■ EXERCISE DESCRIPTION ■
Below are records; please write out exactly the lines from the first line through the line containing "Raspberry Crochet Owl", with no pictures.

Items from a dataset

== Segment start ==

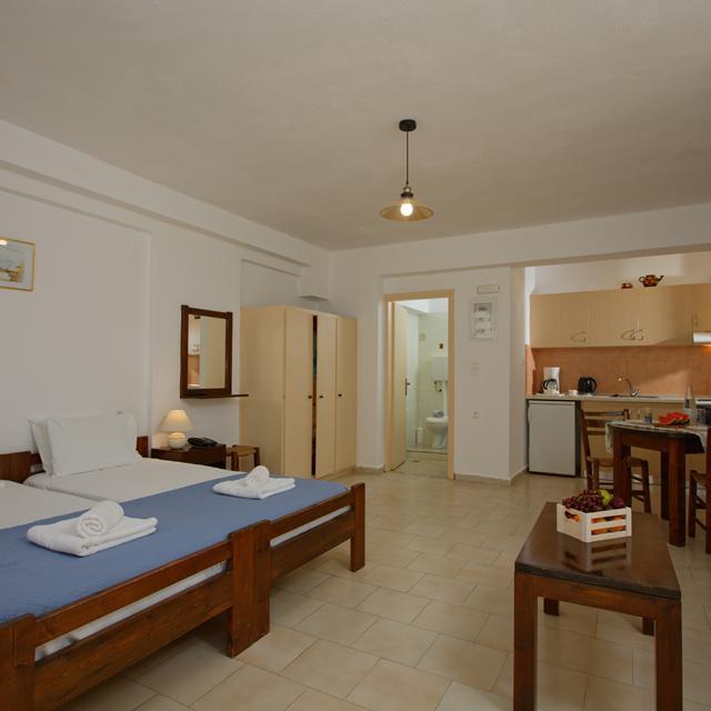 Zoek je een een goed vakantieadres, direct aan zee en vlakbij het Star Beach Aquapark? Dan is Appartementen Elalia een goede keuze! Het is een mooi complex met nette en ruime appartementen, wanneer je ’s morgens de balkondeuren opent, hoor je het ruisen van de zee. Vanuit Elalia wandel je zo naar de supermarkt en de bakker voor verse broodjes. Ook ben je binnen een paar minuten in het bruisende centrum van Chersonissos. Ideaal gelegen!
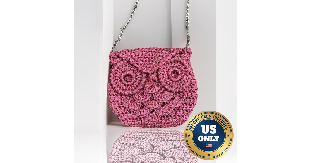 Raspberry Crochet Owl Purse: Festival Crossbody Bag, Silver Chain
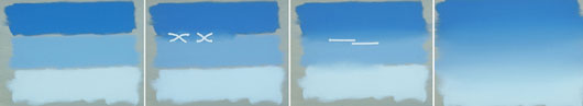 The colors are mixed on the palette and applied in their approximate location on the canvas. The brush is then dragged back and forth in a crosshatch stroke between two values until a satisfactory transition is made. Parallel strokes are then used to refine the transition of values. A clean brush is used for the dark to middle and another clean brush for the light to middle.
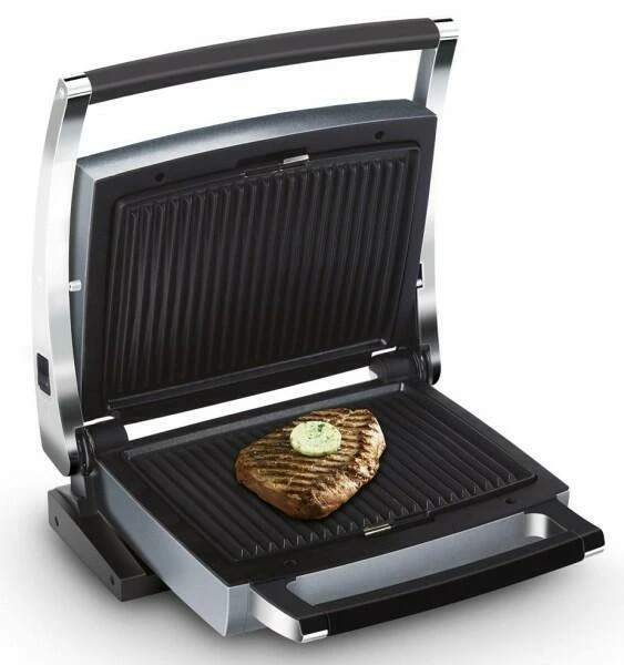 Dank der 180° Funktion des Kombi-Grills CW 2428 von Fritel eignet sich dieser multifunktionale, platzsparende Grill sowohl als Barbecue- oder Tafelgrill, um z.B. herrliche Panini zum Lunch, ein leckeres Stück Fisch oder ein köstliches Steak zuzubereiten. Aber auch für die Herstellung von Waffeln kann dieser Grill verwendet werden und ist somit ideal für ein gemütliches Zusammensein oder eine Feier geeignet. Für eine optimale Wärmeverteilung verfügt der Grill über Backplatten aus massivem Aluminium-Druckguss. Durch die höhere Wattstärke von 1.600 W und dem performantem Heat Shield ist eine noch genauere Temperaturregelung möglich. Dank der automatischen Anpassung der Backplatte an die Dicke der Lebensmittel, können sowohl dicke als auch dünne Stücke Fleisch oder Fisch zubereitet werden. Die Antihaftbeschichtung des Grills sorgt dafür, das keine Lebensmittel an die Backplatte ankleben. Durch die einzigartige Konstruktion der Grillplatte, läuft das Fett automatisch zu den Rändern ab.
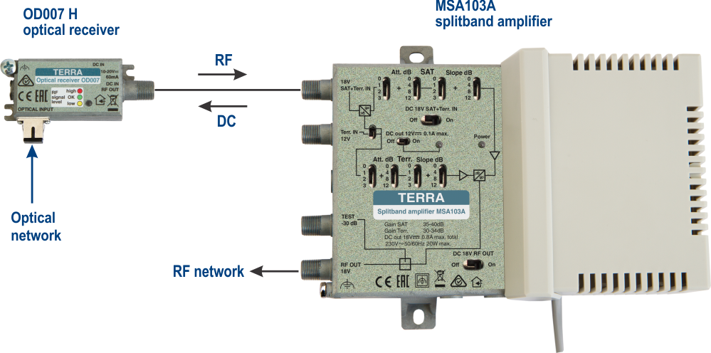 Ultra wideband 47-2400 MHz mini optical receiver OD007 with SC/APC input connector is a new recover in TERRA products range. The OD007 receiver has automatic gain control (AGC) system for keeping RF output level constant. AGC range of optical input power is from 0 to -15 dBm. The receiver could be powered via RF output or via DC IN connector. Application diagram shows using of receiver OD007 with splitband amplifier MSA103A. The receiver is powered from the amplifier. Separated gain and slope adjustments of MSA103A allows to set independently optimal output levels for satellite and terrestrial TV carriers.
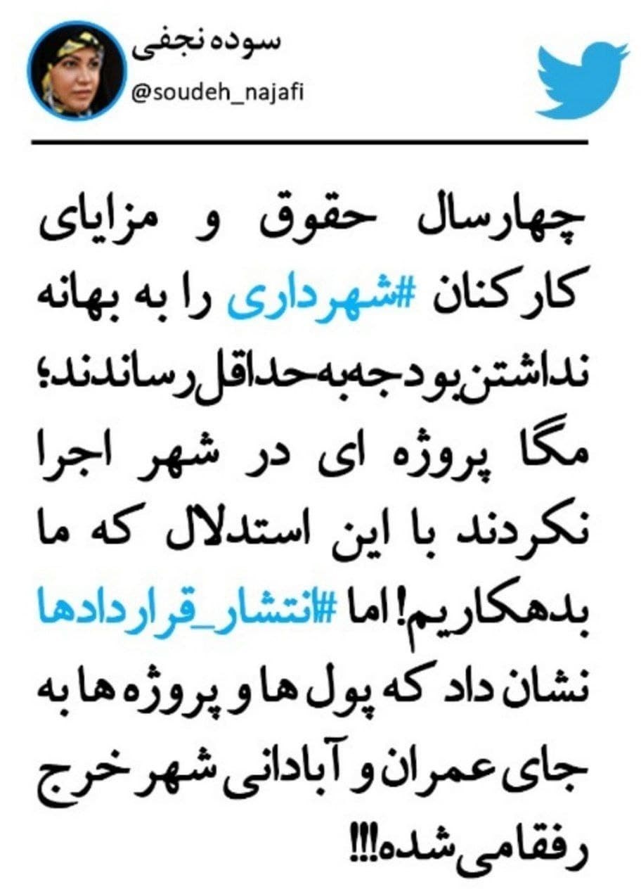 به گزارش گروه اجتماعی خبرگزاری تسنیم، سوده نجفی عضو منتخب ششمین دوره شورای شهر تهران در صفحه شخصی خود نوشت: 4 سال حقوق و مزایای کارکنان شهرداری را به بهانه نداشتن بودجه به حداقل رساندند؛ مگاهپروژهای در شهر اجرا نکردند با این استدلال که ما بدهکاریم؛ اما انتشار قراردادها نشان داد که پولها و پروژهها به جای عمران و آبادانی شهر خرج رفقا میشده!!!

== Segment end ==

■ TASK ANSWER ■
 Zoek je een een goed vakantieadres, direct aan zee en vlakbij het Star Beach Aquapark? Dan is Appartementen Elalia een goede keuze! Het is een mooi complex met nette en ruime appartementen, wanneer je ’s morgens de balkondeuren opent, hoor je het ruisen van de zee. Vanuit Elalia wandel je zo naar de supermarkt en de bakker voor verse broodjes. Ook ben je binnen een paar minuten in het bruisende centrum van Chersonissos. Ideaal gelegen!
 Raspberry Crochet Owl Purse: Festival Crossbody Bag, Silver Chain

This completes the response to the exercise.